(Material shown Opens)
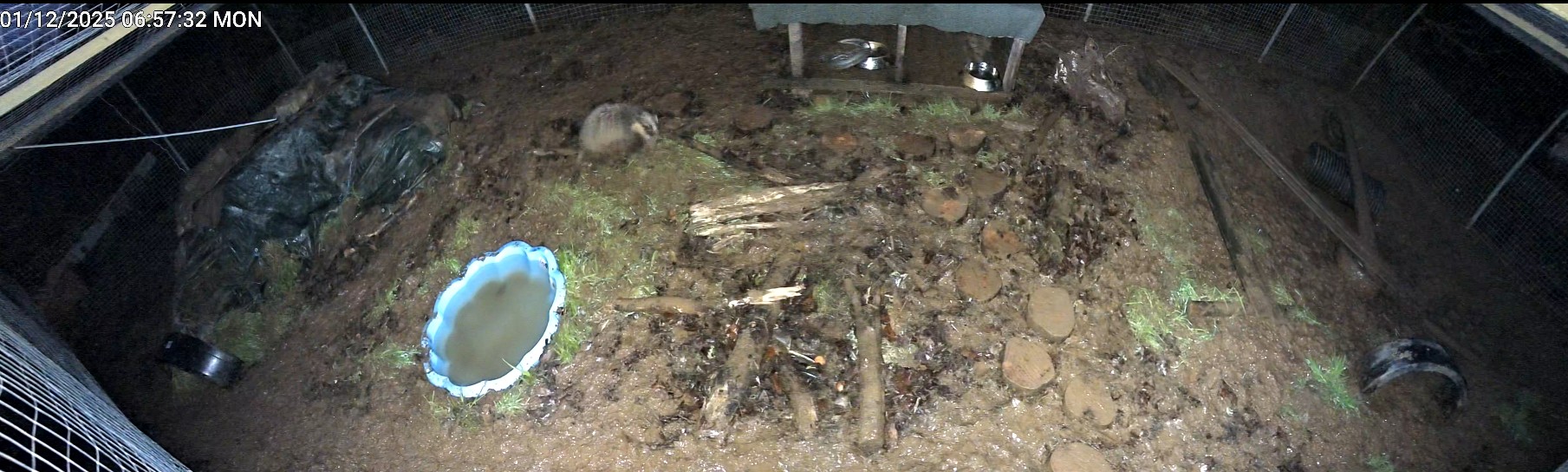 The autumn weather was against us but we persevered through rain, mud and the odd freezing evening to get the enclosure ready for Elowen to move in on the 23rd November. She has settled into her new surroundings well and become very confident getting reacquainted with the outdoors, exploring every bit of the enclosure and running around the playground we built. She also decided to do a bit of “remodelling” in her artificial sett, digging herself a chamber to snuggle into, and we’re so happy to see that her instincts are all there which is exactly what we wanted to encourage.
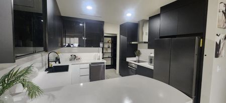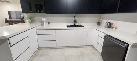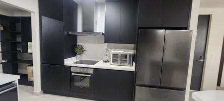 - Cocina equipada con barra, estufa, campana, refrigerador y microondas
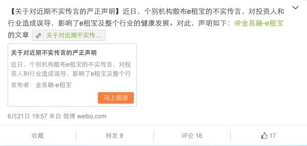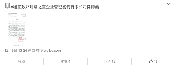 圖片來自無界新聞 昨天晚上開始,e租寶官網(wǎng)、APP均無法正常打開,一度引發(fā)了投資人的恐慌。e租寶官方微博稱是為了“防止不實(shí)傳言引發(fā)恐慌和無序贖回、提現(xiàn),本著保護(hù)客戶資金安全、平臺(tái)交易安全的原則,e租寶平臺(tái)主動(dòng)向社會(huì)各界公布暫停平臺(tái)交易。” 為解答投資人普遍擔(dān)心的資金安全題目,e租寶的客戶經(jīng)理向他們?nèi)喊l(fā)短信表示“團(tuán)體在調(diào)查期間,主動(dòng)封鎖凍結(jié)了中信銀行風(fēng)險(xiǎn)保證金11億和足以籠蓋剛性兌付的應(yīng)兌付客戶本金和收益”。 但是!今天中信銀行出來打臉了!據(jù)網(wǎng)易財(cái)經(jīng)報(bào)道,中信銀行稱“e租寶在中信銀行并無風(fēng)險(xiǎn)備用金賬戶,僅開立活期賬戶余額0元!” 知道真相的投資者們眼淚有沒有掉下來?
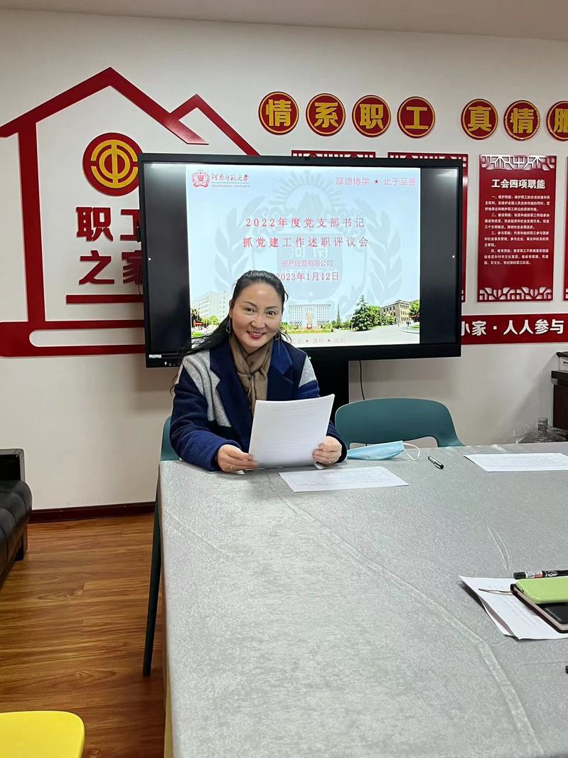 党总支书记张新文对2名党支部书记抓党建工作述职情况进行了点评,他指出在过去的一年里,公司第一、第二党支部能够认真贯彻落实中央及上级部门的部署要求,全面落实各项党建工作任务,突出重点,创新举措。特别是在学校疫情防控工作中,公司第一、第二党支部党员充分发挥战斗堡垒和先锋模范作用,全力助力学校疫情防控工作。他结合述职情况,客观分析了第一、第二党支部在工作中存在的问题,就下一步工作,他提出三点建议:一、继续学习宣传贯彻党的二十大精神,营造干事创业的良好氛围,以高质量党建,引领公司高质量发展,加强对党支部工作的领导,指导党支部建设工作,推进党支部工作进一步制度化、规范化和标准化。 二、加强调查研究,党建深入融合公司中心工作,完善党建制度工作体系,准确把握党建工作内涵和实质,结合公司中心工作开展形式多样的党建活动,并结合实际制定相应规章制度,达到指导实践、推动工作,提高管理效能。三、创新党建工作方式方法,强化活动效果,开展多种形式的党建活动,增强理论学习和党性教育针对性和实效性,强化学用结合,强化活动效果,进一步提高党支部的影响力、凝聚力和战斗力。
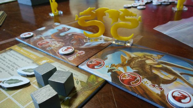 While playing Simurgh, I was using my Dragon Riders to go about the wilds to complete objectives, travel on exploration tiles, and gather resources. In this particular game, I had a couple of Dragons to use their special abilities at optimal points in the game. If you haven’t heard of or played Simurgh than I suggest you give it a try. It is a very nice medium level worker placement game set in a very cool universe with Spearmen and Dragon Riders. The game has a couple unique mechanisms that make it stand out from the rest. Multiple end game conditions adds a nice balance and adds replayability. The decision about adding tiles to the wilds where other players may benefit from them as well, adds some good interaction and makes for some very agonizing decisions. I have yet to win this game but I really like playing it.
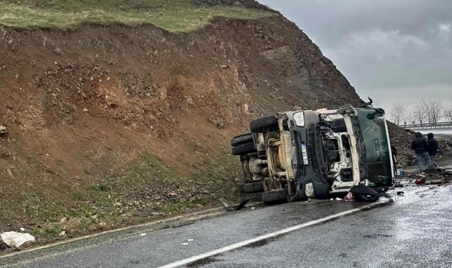 Elazığ'da yağıştan dolayı sürücüsünün direksiyon hakimiyetini kaybettiği beton pompa aracı yan yattı. Kazada 1 kişi yaralandı.
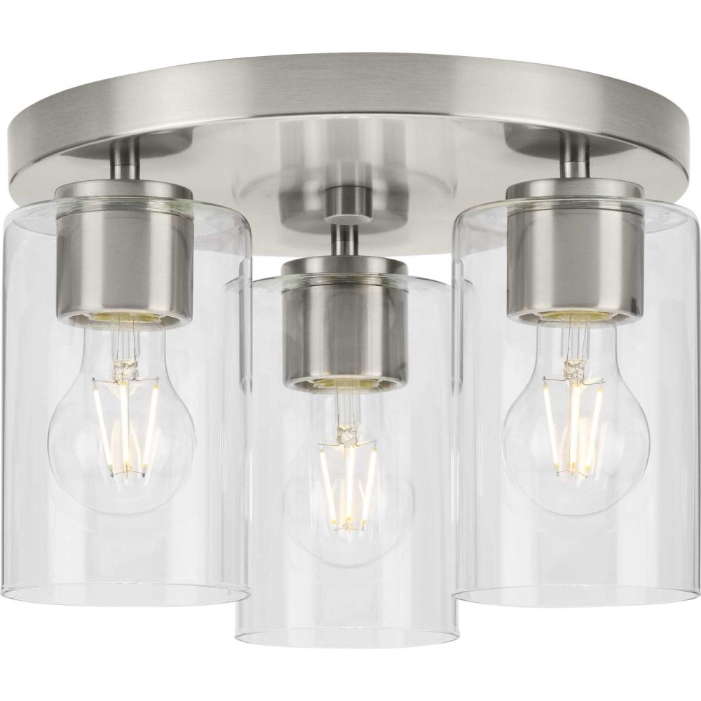 The Cofield Flush Mount features a slender, clean design that showcases understated elegance. A simple round canopy suspends cylindrical glass shades, providing contemporary style to mid-century modern and transitional settings, delivering ambient illumination to hallways, foyers, bedrooms and laundry rooms.
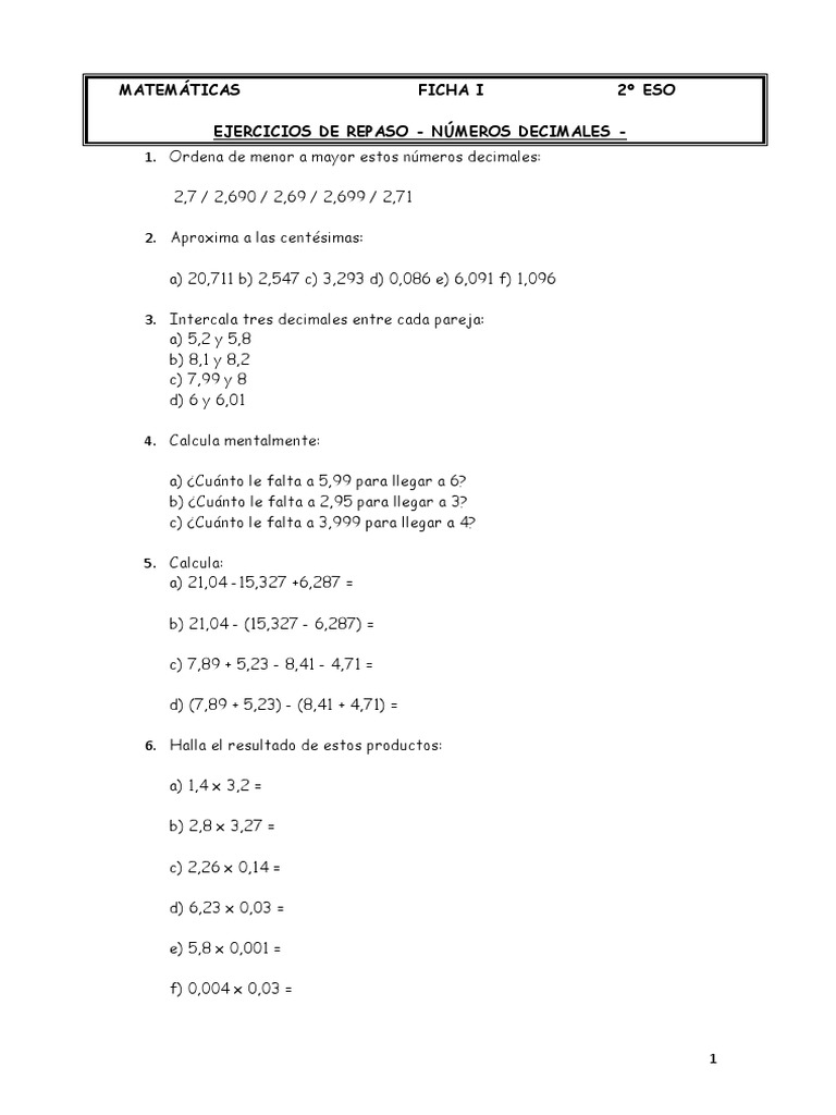 EJERCICIOS DE REPASO - NÚMEROS DECIMALES -
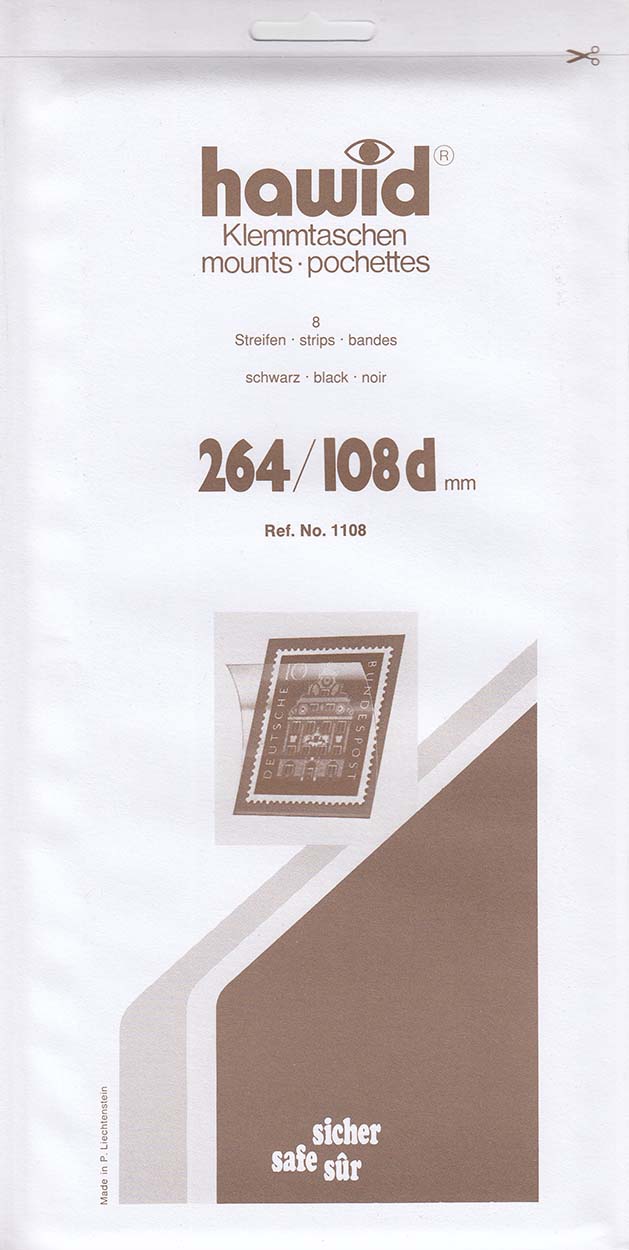Philatelists around the world protect their valuable stamps with Hawid Stamp Mounts. Hawid Stamp Mounts provide lasting protection and optimum flexibility for configuration of the one’s stamp collection. The thin and extremely stable Hawid Stamp Mount consists of a rubberized back and a clear covering film. The rubberized backs are available in either black or clear to provide an aesthetic frame for your stamps’ perforations and designs. The clear cover holds the stamp in place with spring action while a curvature allows for breathing. The two pieces are precisely joined at the bottom for exact positioning of the stamp (mounts 70mm or more in height are also joined at the top). The rubberized backs on Hawid Stamp Mounts have an adhesive coating that, when slightly moistened, allows for the securing of the stamp mount in place. Hawid Stamp Mounts are made from archival, plasticizer-free polystyrene.
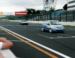 フリー走行&予選。 電気自動車クラスは2日間のレースになったので、 金曜日に予選、土曜日に決勝となります。 86も元気に予選を走っていたのですが、こちらは充電不足で 本領を発揮する前にとまってしまいました。 それにしても、前を走るビッツは速い。 |
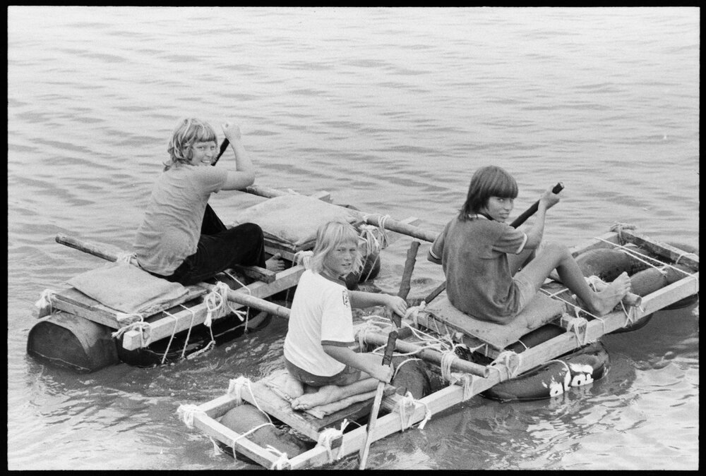 Date20 February 1974Reference Numberphoto gcc-24768DescriptionTesting homemade raft for the annual Compass raft race on the Wairoa River. Pictured from left: Tom Gatward, Dennis Grimmett and Russell Betton. Published 20 February 1974.FormatNegativePhysical Description35mm black-and-white negative (2/3)Photographer/CreatorBay of Plenty Times
(Material shown Closes)
* [What you should do]:
Starting with the line that has "党总支书记张新文对2名党支部" and going on through the line that has "While playing Simurgh, I", transcribe the records above exactly, but skip the pictures.

* [Solution to the exercise]:
 党总支书记张新文对2名党支部书记抓党建工作述职情况进行了点评,他指出在过去的一年里,公司第一、第二党支部能够认真贯彻落实中央及上级部门的部署要求,全面落实各项党建工作任务,突出重点,创新举措。特别是在学校疫情防控工作中,公司第一、第二党支部党员充分发挥战斗堡垒和先锋模范作用,全力助力学校疫情防控工作。他结合述职情况,客观分析了第一、第二党支部在工作中存在的问题,就下一步工作,他提出三点建议:一、继续学习宣传贯彻党的二十大精神,营造干事创业的良好氛围,以高质量党建,引领公司高质量发展,加强对党支部工作的领导,指导党支部建设工作,推进党支部工作进一步制度化、规范化和标准化。 二、加强调查研究,党建深入融合公司中心工作,完善党建制度工作体系,准确把握党建工作内涵和实质,结合公司中心工作开展形式多样的党建活动,并结合实际制定相应规章制度,达到指导实践、推动工作,提高管理效能。三、创新党建工作方式方法,强化活动效果,开展多种形式的党建活动,增强理论学习和党性教育针对性和实效性,强化学用结合,强化活动效果,进一步提高党支部的影响力、凝聚力和战斗力。
 While playing Simurgh, I was using my Dragon Riders to go about the wilds to complete objectives, travel on exploration tiles, and gather resources. In this particular game, I had a couple of Dragons to use their special abilities at optimal points in the game. If you haven’t heard of or played Simurgh than I suggest you give it a try. It is a very nice medium level worker placement game set in a very cool universe with Spearmen and Dragon Riders. The game has a couple unique mechanisms that make it stand out from the rest. Multiple end game conditions adds a nice balance and adds replayability. The decision about adding tiles to the wilds where other players may benefit from them as well, adds some good interaction and makes for some very agonizing decisions. I have yet to win this game but I really like playing it.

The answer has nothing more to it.